Mangle rolled his eyes in irritation. "What is it, Balloon Brain?"

The (somewhat) crazy vendor looked up at Mangle with a rare expression of seriousness on his face. "A little quiet… don'tcha think?"

Mangle tilted his head (or heads if you prefer) in confusion. Quiet? Of course it was quiet! It was closing hours, the only human in the building was the security guard, and he was generally near silent save for the odd scream when an animatronic (usually the old Foxy) got in. Other than him, the only sounds came from Chichi's pet squirrel who was nested in one of the outer air vents, the quiet footfalls of the animatronics and the music… box…

Mangle's eyes widened. He couldn't hear the music box..!

"Puppet!"

Dropping down from the ceiling, Mangle raced down the hallway, bee-lining for the office. Behind him, BB muttered nervously, remaining where he was stood.

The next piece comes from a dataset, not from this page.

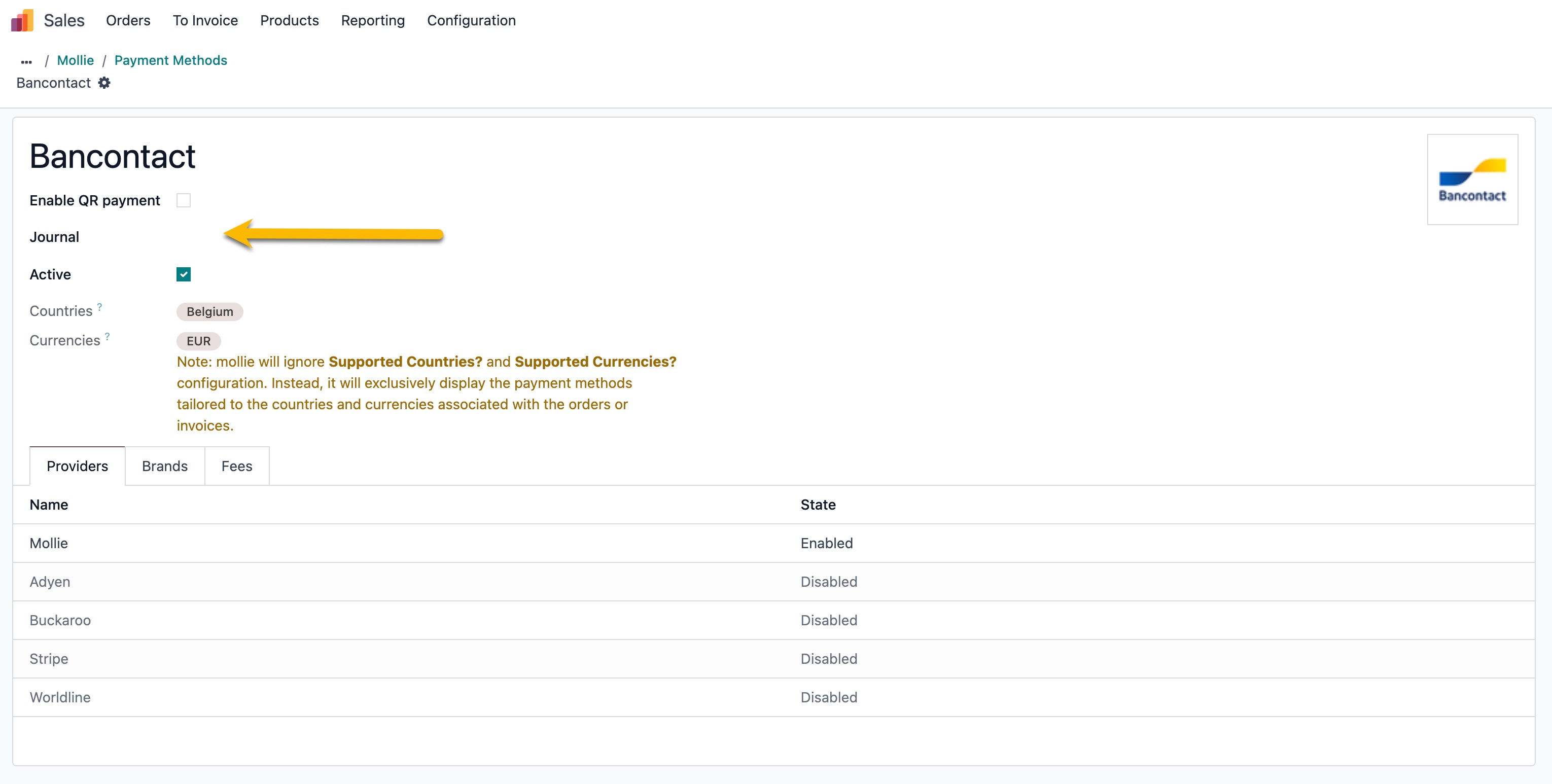 - Open Sales > Configuration > Payments > Payment Providers.

In the office, a truly horrifying sight befell Mangle's golden eyes.

The night guard's body lay in pieces around the office desk. Blood splattered the floor and walls (Mangle swore there was some on the ceiling", and stained the blue fur of a Toy Bonnie plush. The air was tainted with the metallic scent of blood and death, and in the middle of the massacre lay a small, bloodied black figure, curled up, rocking back and forth and muttering, sobs escaping its shoulders.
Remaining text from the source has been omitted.